Averaging of closely spaced points within a tolerance
Let's show how you can reduce the number of points on the graph, leaving only those that differ from the rest by some criterion.
Initial data
Let's use the function from the file peaks.jl, which will create a smooth surface with several protrusions in the range [-3.3], [-3.3]. Let's add some noise along the Z axis to the data. Now the point cloud no longer lies on one surface, but is scattered around it.
Pkg.add(["Statistics", "GroupSlices"])
gr( format=:png ) # Please note that all graphs are now within the scope of
# current working session, will be displayed in PNG
include( "$(@__DIR__)/peaks.jl" );
xy = rand(10000, 2) .* 6 .- 3;
z = peaks.( xy[:,1], xy[:,2] ) .+ 0.5 .- rand(10000,1);
A = [xy z]
scatter( A[:,1], A[:,2], A[:,3], camera=(45, 20), ms=2, markerstrokewidth=0.1, leg=false )
Restoring a smooth surface
Inside this point cloud, we will look for those points that could be combined according to the following criteria:
- the distance between the points does not exceed
tol. - we are not interested in the Z axis, we compare only X and Y.
tol = 0.33;
To identify identical areas, we will round up the original data set by rounding all the coordinates of each point to an integer, first multiplying by 1/tol.
aA = round.( (1/tol) .* A[:,1:2], digits=0);
Our matrix now consists of a large number of groups of vectors with identical values. How do we group them? It is possible to compare vectors element by element, but a shorter path.
This operation can be performed using the function groupslices from the library GroupSlices (if necessary, to set it, uncomment and execute the following cell):
# ]add GroupSlices
using GroupSlices
C = groupslices( aA, dims=1 );
Function groupslices for each row r of the matrix, returns the index *of the first encountered row identical to r.
Let's average the points in each subgroup.
using Statistics
avgA = [ mean( A[C .== c, :], dims=1) for c in unique( C ) ]
avgA = vcat( avgA... ); # We have obtained a matrix of matrices; we will perform vertical concatenation of the lines
Now we can build a graph from the averaged points, noting for ourselves that although the data set has not become structured, we have got rid of the variability along the Z axis, preserving the general appearance of the source data.
scatter( A[:,1], A[:,2], A[:,3], camera=(45, 20), ms=2, markerstrokewidth=0.1, leg=false )
scatter!( avgA[:,1], avgA[:,2], avgA[:,3], color=:red, ms=3, legend=false )
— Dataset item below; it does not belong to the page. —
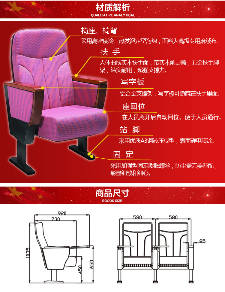 定型座背綿:采用高密度冷、熱發泡定型海綿一體成型。 麵 料:高級專用麵料,抗污、耐磨、防褪色。 膠 殼:采用優質PP(聚丙烯)多元素復合材料經模具壓鑄成型。 扶手麵:優質進口原木加工,外塗環保聚酯油漆;手感舒適,美觀耐用。 寫字板:鋁合金支撐架+高密度防火寫字板,方便快捷。 站 腳:優質A3鋼板液壓成型,設計符合人體工程學原理,安全舒適。 座回位:采用彈簧或重力自動回位方式。 適應場所:禮堂、會堂、法院、劇院、會議廳、音樂廳、學校、體育場館等場所。

Individual areas can be seen by coloring them as follows:
scatter( A[:,1], A[:,2], A[:,3], camera=(45, 20), ms=2, markerstrokewidth=0.1, leg=false, zcolor=C./maximum(C), c=:prism )
scatter!( avgA[:,1], avgA[:,2], avgA[:,3], color=:white, ms=3, legend=false, camera=(0,90) )
Conclusion
We filtered out the noisy function by selecting some unique points. In selecting them, we relied on the acceptable proximity between the reference points along the X and Y axes.